- [The problem]:
Retype the whole listing verbatim and keep the pictures out of it.

- [Dataset extract]:
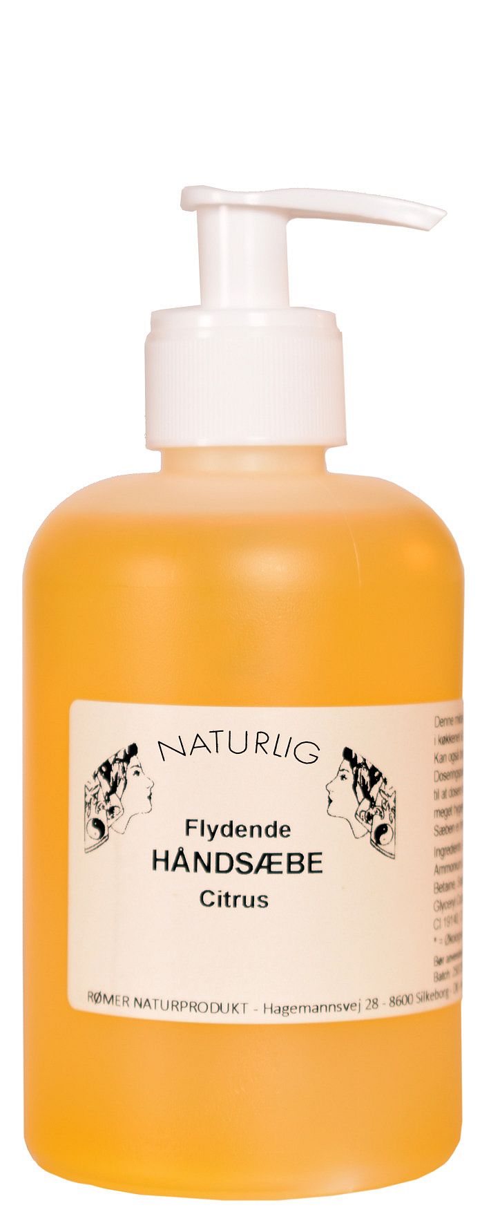 Flydende Citrus Sæbe - Denne milde sæbe er velegnet som håndsæbe i køkkenet og i badeværelset m.v.Doseringspumpen på flasken hjælper med til at dosere den rette mængde sæbe og er meget hygiejnisk i brug.
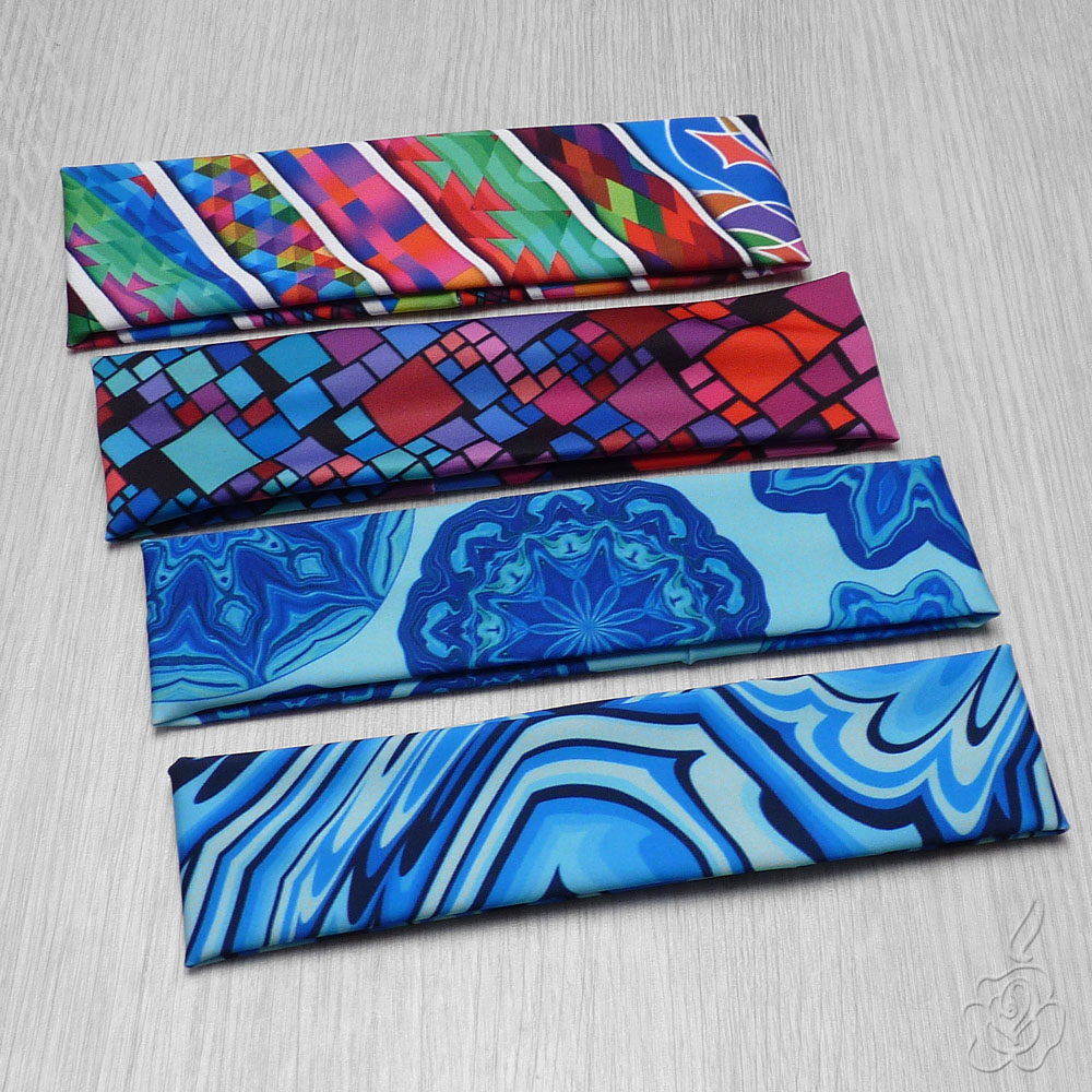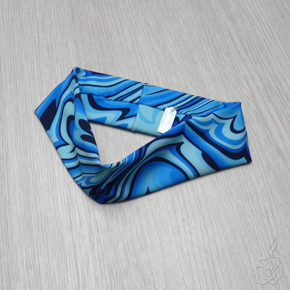 Dětská čelenka z pružné látky s výrazným vzorem.
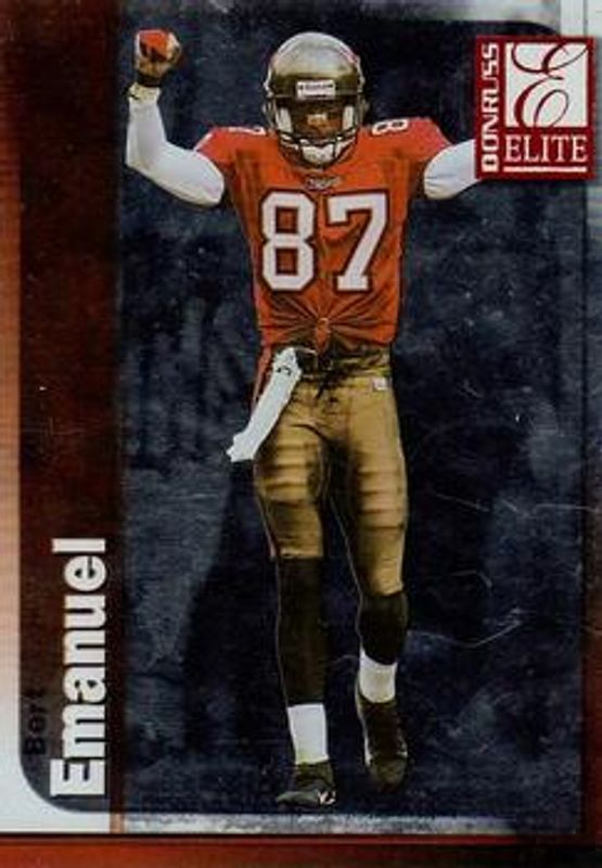 The Bert Emanuel 1999 Donruss Elite #063 Base card is 1 of 3 Bert Emanuel's card variations in the 1999 Donruss Elite set being tracked by Sports Card Investor, including Aspirations /72, and Status /28.

- [Solution for this task]:
 Flydende Citrus Sæbe - Denne milde sæbe er velegnet som håndsæbe i køkkenet og i badeværelset m.v.Doseringspumpen på flasken hjælper med til at dosere den rette mængde sæbe og er meget hygiejnisk i brug.
 Dětská čelenka z pružné látky s výrazným vzorem.
 The Bert Emanuel 1999 Donruss Elite #063 Base card is 1 of 3 Bert Emanuel's card variations in the 1999 Donruss Elite set being tracked by Sports Card Investor, including Aspirations /72, and Status /28.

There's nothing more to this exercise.